The following codes are the solutions (1st place, private score: 0.92708) for the dacon competition.
If you would like to know more about the competition, please refer to the following link:
https://dacon.io/competitions/official/235894/overview/description
Briefly, the task is to classify an extremely imbalanced images into 88 classes
in which the label is composed of class-state pairs.
To solve this problem, we used Efficientnet and Resnext as a backbone with different training methods (e.g. one-class self-supervised learning, arcFace loss, and label smoothing).
We also blended the model weights and prediction results based on the validation results and hypothesis.
Please refer to ensemble.py to see how we blended the model weights and prediction results.
Note that we were not able to reproduce our best private score (0.9270) perfectly, but got the close private score (0.9264).
- Baseline1 (LB 0.896): EfficientNet-B6 (66) & EfficientNet-B6 (85, ugmentation including rotation of 45 degree)

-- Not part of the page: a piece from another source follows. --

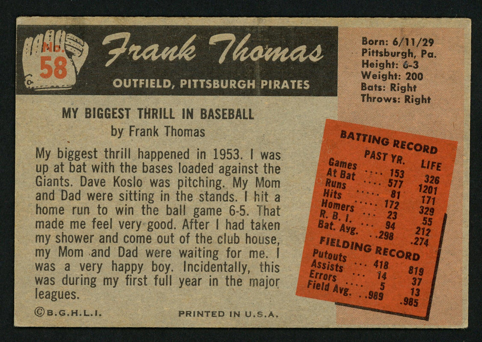 Frank Thomas Autographed 1955 Bowman Card #58 Pittsburgh Pirates SKU #153496

- soft_ensemble (LB 0.899): EfficientNet-B6 (66) & EfficientNet-B6 (85, rotate 45) & EfficientNet-B6 (39, arcFace loss) & EfficientNet-B6 (92, arcFace & label smoothing loss
- Baseline2 (LB 0.894): EfficientNet-B6 (146, label smoothing loss)
- One-class based self-supervised learning model: EfficientNet-B6 (87, excluding arcFace will be better)
- We drop the filp augmentations for some cases (e.g., metal_nut) on the one-class based SSL
Observation 1-1: On the overall validation results, the anomaly class-combined was relatively hard to predict.
Observation 1-2: Baseline1 has relatively better performance for the normal and anomaly-combined on the validation results.
Hypothesis 1: Trust the results from the baseline1 and blend the new perspective from the soft_ensemble result except for both normal and anomaly-combined.
Result: LB 0.902
Priority 1: Trust a new perspective for a anomaly class except for the combined class.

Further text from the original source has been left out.